His face made a smirk that said he was proud of me for keeping up.

"Believe it or not," he said, "I'll be here in two moths."

"No you won't."

"I'm serious! Remember Emanual, he graduated in my class and you met him last summer? The guy whose father owns that restaurant in Beverly Hills I was telling you about? Well he works at a hedge fund in this building on the 90th floor. We should stop and see him if we can after we're done at the top. Anyway, he said getting me a gig would be an afterthought. Imagine that view. Imagine making love to a bellisima against a window with that view in relief." He paused, and then, "Performance art, through and through! Living, writhing frescoes!"

We both cracked up and I punched him hard in the shoulder.

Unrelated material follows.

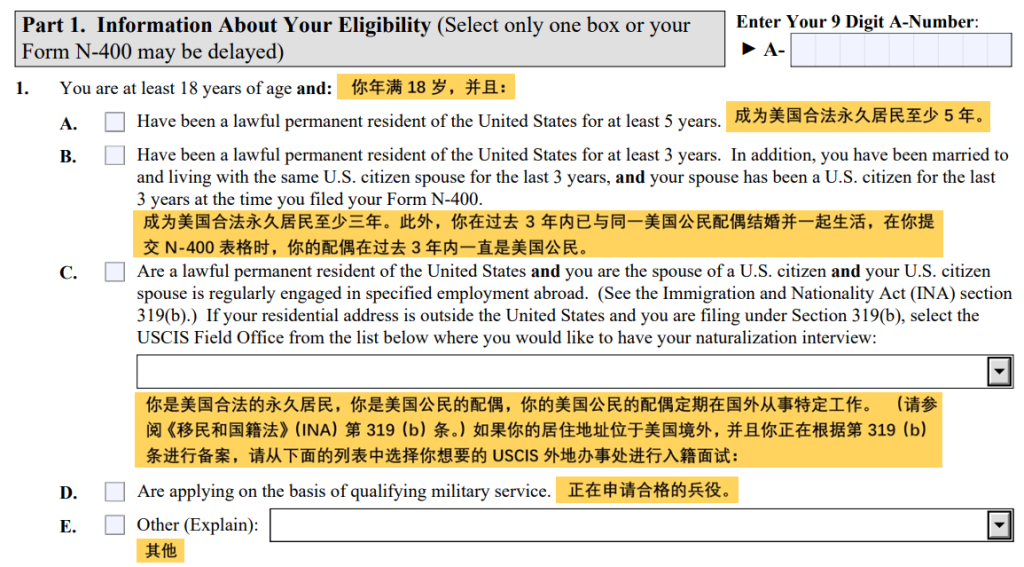 A 成为美国绿卡持有者5年以上。这项中申请者持有绿卡至少5年,但可以提前3个月填写申请。 不能超过提前3个月申请,1天也不行,违反规定的申请会被退回或面谈时拒绝申请。

The elevator opened into an enclosed lobby that wound in a contiguous rectangle around the inner walls of the observation deck. We stepped through the royal blue lobby into the solid brightness outside. Marco desposited a quarter into a viewing apparatus and declared he could see my innocence shivering far away atop the roof of an apartment highrise on the Upper West Side. "Better go get it back," he joked. Of course I laughed. Kate laughed too.

And then I ran my fingertips across the small disc of metal on my coat. It felt noble and textured in the cold. Marco held Mary as they looked into the future, private futures they could weigh privately in public. He must have seen it scrawled in sunlight like a miracle on the contorted faces of steel and glass far across the island - imperfect and near, enormous and remote. New York as Fitzgerald dreamed of seeing the New World, somehow unspoiled and shimmering in possibility. Skyscrapers and ghettoes stood still below us like uncut spruce forests as the base of an Alaskan mountain.

We were anxious because we knew our lives were scattered and hiding in the shadows of streets across the city. The streets we could not see, the ones we risked never finding as each late afternoon awoke inside the belly of the next. Daylight to unfelt darkness to daylight again. The Japanese tourists didn't even try to stop the reflex - they just smiled out of an ancient biological duty. Kate's cheeks were flushed because she was cold and in love with the idea of the rest of her life feeling like it did at that moment, clear and pure and high atop the 110th story.

When the button fell, I heard it hit the concrete before I felt it was gone.